Exercise brief:
Copy out exactly the lines from the one containing "Modelo de apartamento: Alma" through the end of the records, and no pictures.

[[ Working data open ]]

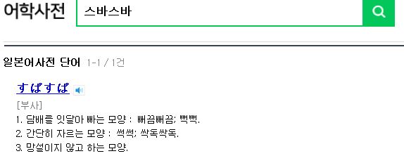 스바스바 뜻은 일본어로 すばすば 마시거나 빨거나 하는 모양을 뜻하는 일본어이다.
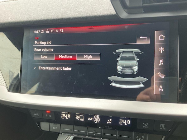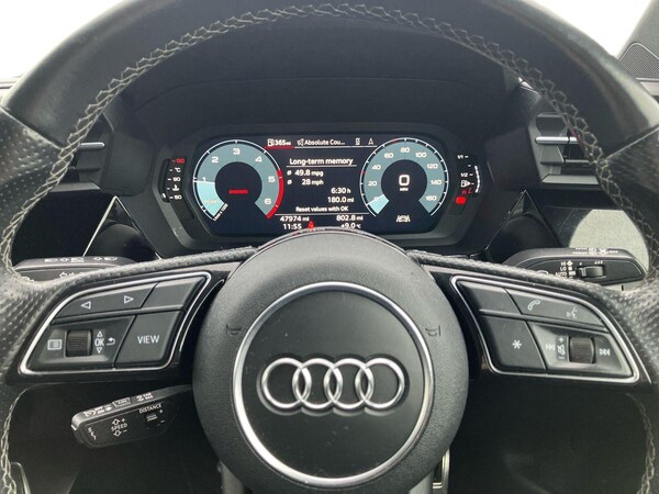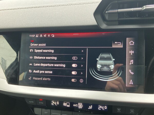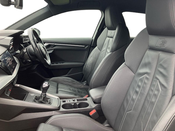 ..Audi connect emergency call and service, Audi drive select (Auto, Comfort, Dynamic and Individual), Audi smartphone interface, Audi Virtual Cockpit - 10.25'' digital and colour instrument cluster, Automatic start/stop system with recuperation, Bluetooth interface, Collision avoidance assistant, Electromechanical power speed sensitive steering, Lane departure warning system, MMI Navigation Plus with high resolution 10.1'' colour touch screen display, Service indicator, Trip computer, Voice control system with natural language interaction, 2xUSB-C connection with data and charging functions, 6 passive loudspeakers, DAB Digital radio, 3rd brake light, Acoustic glass windscreen, Aluminium window trim, Auto dimming frameless rear view mirror, Electrically adjustable/heated/folding/auto dimming door mirrors with integrated LED indications + kerb view function for passenger side, Front electric windows, Illuminated aluminium inserts front door sills with S logo, LED daytime running lights, LED headlights with LED rear lights and dynamic rear indicators, Light and rain sensors, Privacy glass - dark tinted rear window, rear door and side windows, Rear electric windows, Rear side air outlets in grained matt black, Rear side wing doors, Rear wiper, S line bumpers, S roof spoiler, 12V socket and storage compartment in front centre console, 3 seat bench in 2nd row, 40/20/40 split folding rear seat bench with cupholder, Black cloth headlining, Dual zone electronic climate control, Front and rear centre armrest in leather, Front and rear headrests, Front/rear floor mats, Height and reach adjustable steering wheel, Interior lighting - glove compartment light and right hand side, Luggage compartment floor covering, Manual boot compartment lid, Manually adjustable front seats, Seat side bolsters, Single front passenger seat, Stainless steel pedals and front footrest in black, Twin leather upholstery with front sports seats S embossed logo, Aluminium interior elements pack - A3 Sportback, S line styling pack - A3 Sportback, 3x3 point rear seat belts, Driver and front passenger airbag with passenger airbag deactivation, Electronic Stabilisation Control (ESC) including ABS, ASR and EDL, First aid kit with warning triangle and 2 safety vests, Front side airbags with head airbags and interaction airbag, Hill hold assist, Pre-sense front with pedestrian and cyclist detection, Seatbelt monitoring, Tyre pressure loss indicator, Anti theft alarm, Anti-theft wheel bolts,
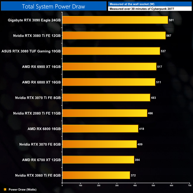 We measure system-wide power draw from the wall while running Cyberpunk 2077 for 30 minutes.
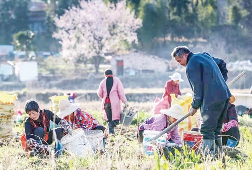 春早人更勤。近日,浙江永康市象珠水稻合作社承包的田地里,許多農戶正忙著收獲舜芋。接下來,這片田地將在翻耕后種上新的農作物。
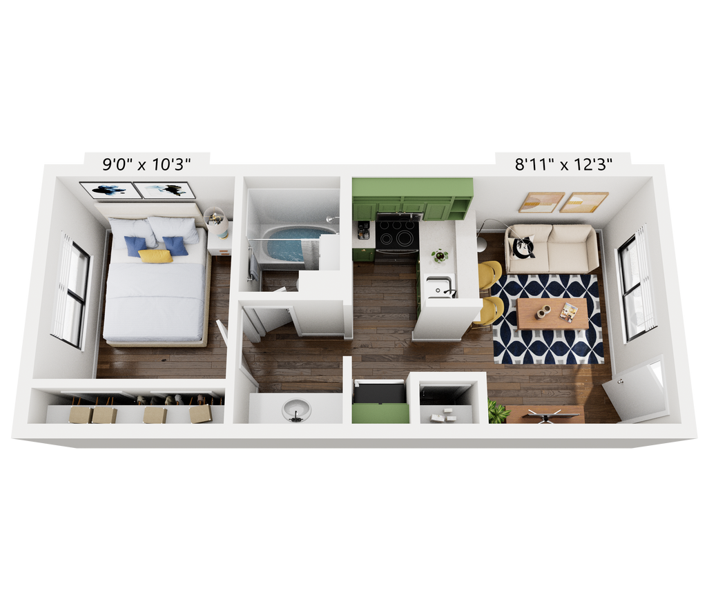 Modelo de apartamento: Alma Woodward - A1 - 1 Bed | 1 BathDesde $1,0951 Dormitorio, 1 Baño, 410 sq ftDisponible AhoraPlanosFotos![]()
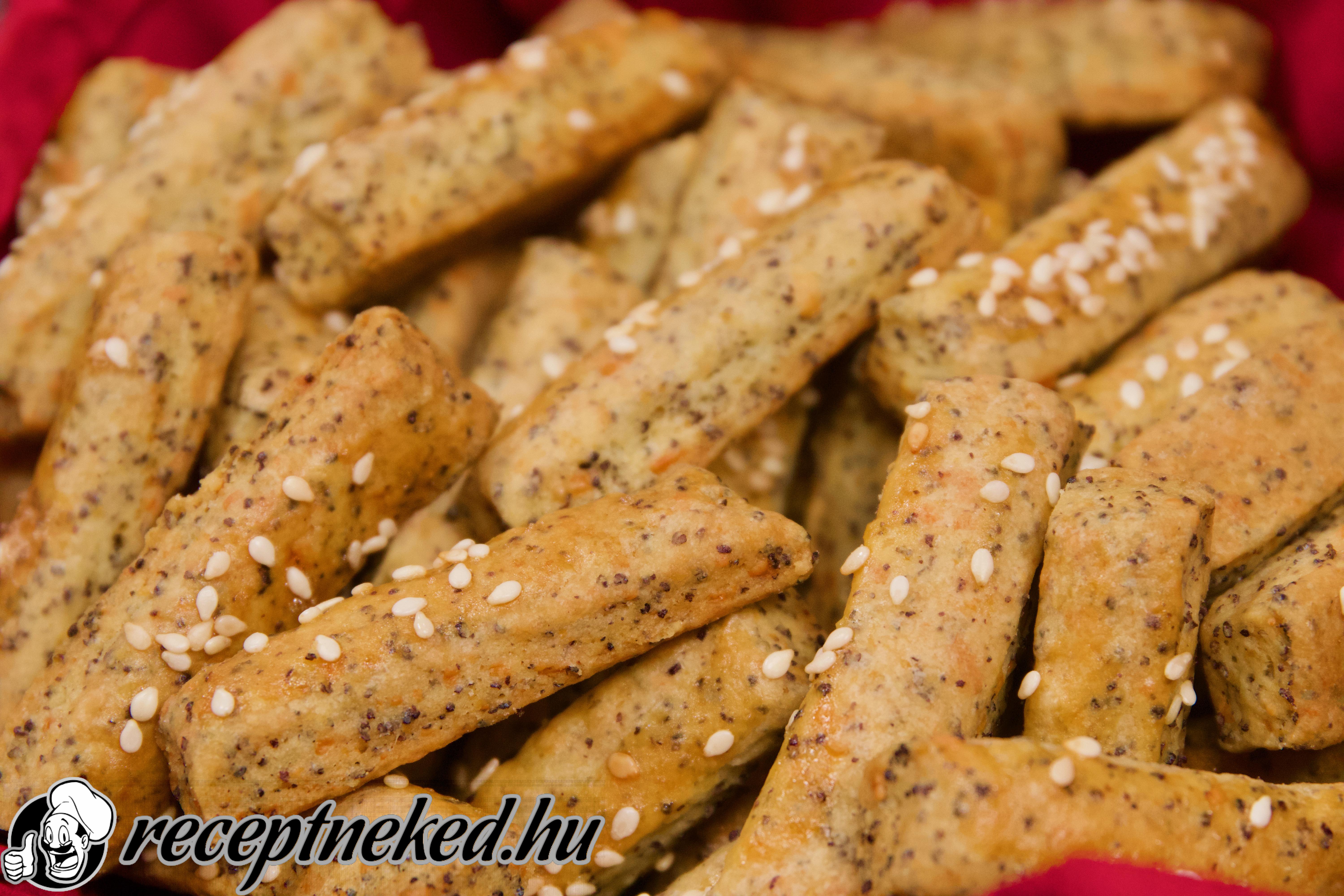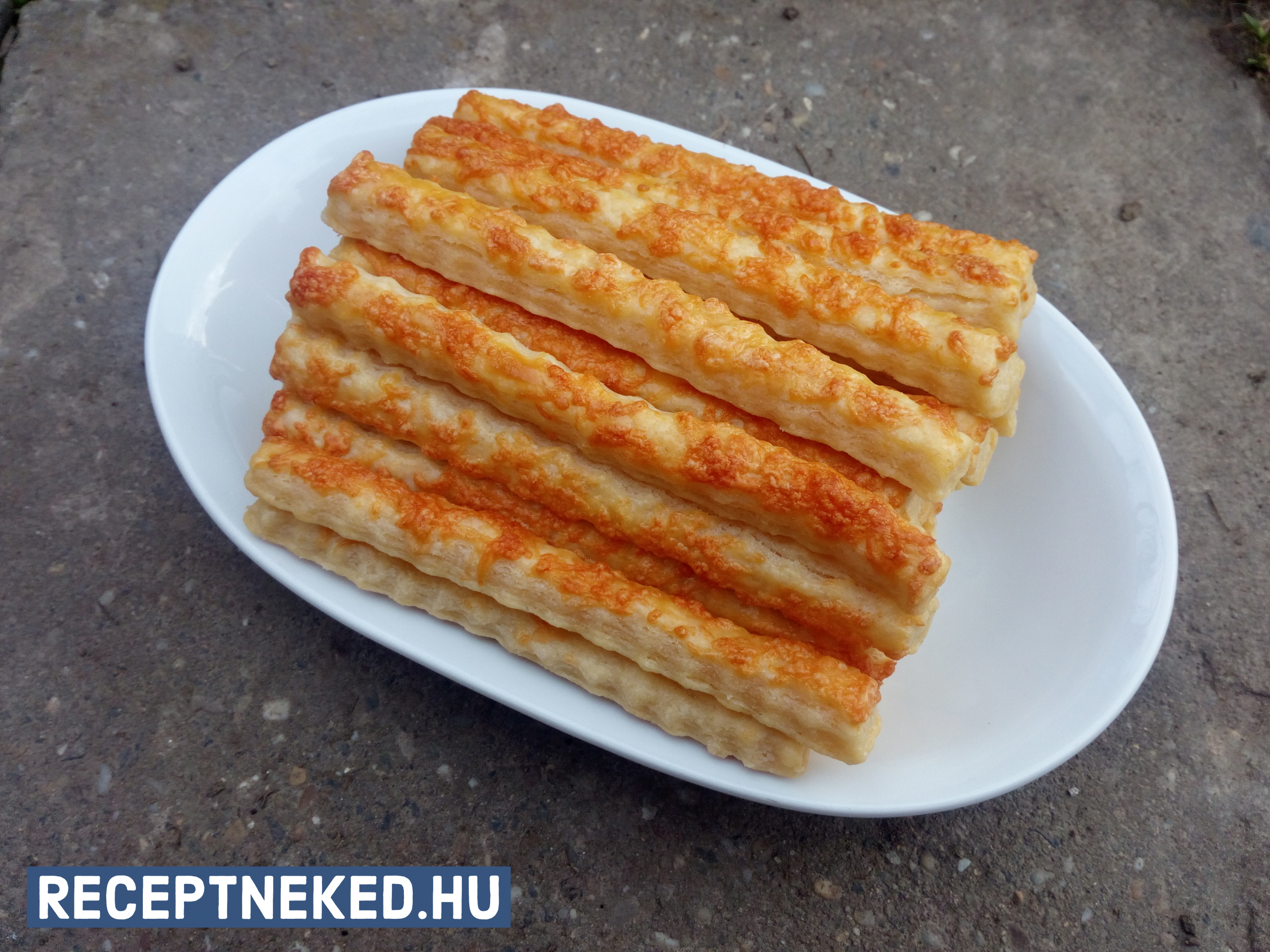 Egy derelyevágóval 10-12 cm hosszú és ujjnyi keskeny csíkokra vágjuk, majd szilikonos sütőpapírral bélelt lemezre tesszük és 20-22 perc alatt szép aranybarnára, ropogósra sütjük.

[[ Working data closed ]]

Written response:
 Modelo de apartamento: Alma Woodward - A1 - 1 Bed | 1 BathDesde $1,0951 Dormitorio, 1 Baño, 410 sq ftDisponible AhoraPlanosFotos![]()
 Egy derelyevágóval 10-12 cm hosszú és ujjnyi keskeny csíkokra vágjuk, majd szilikonos sütőpapírral bélelt lemezre tesszük és 20-22 perc alatt szép aranybarnára, ropogósra sütjük.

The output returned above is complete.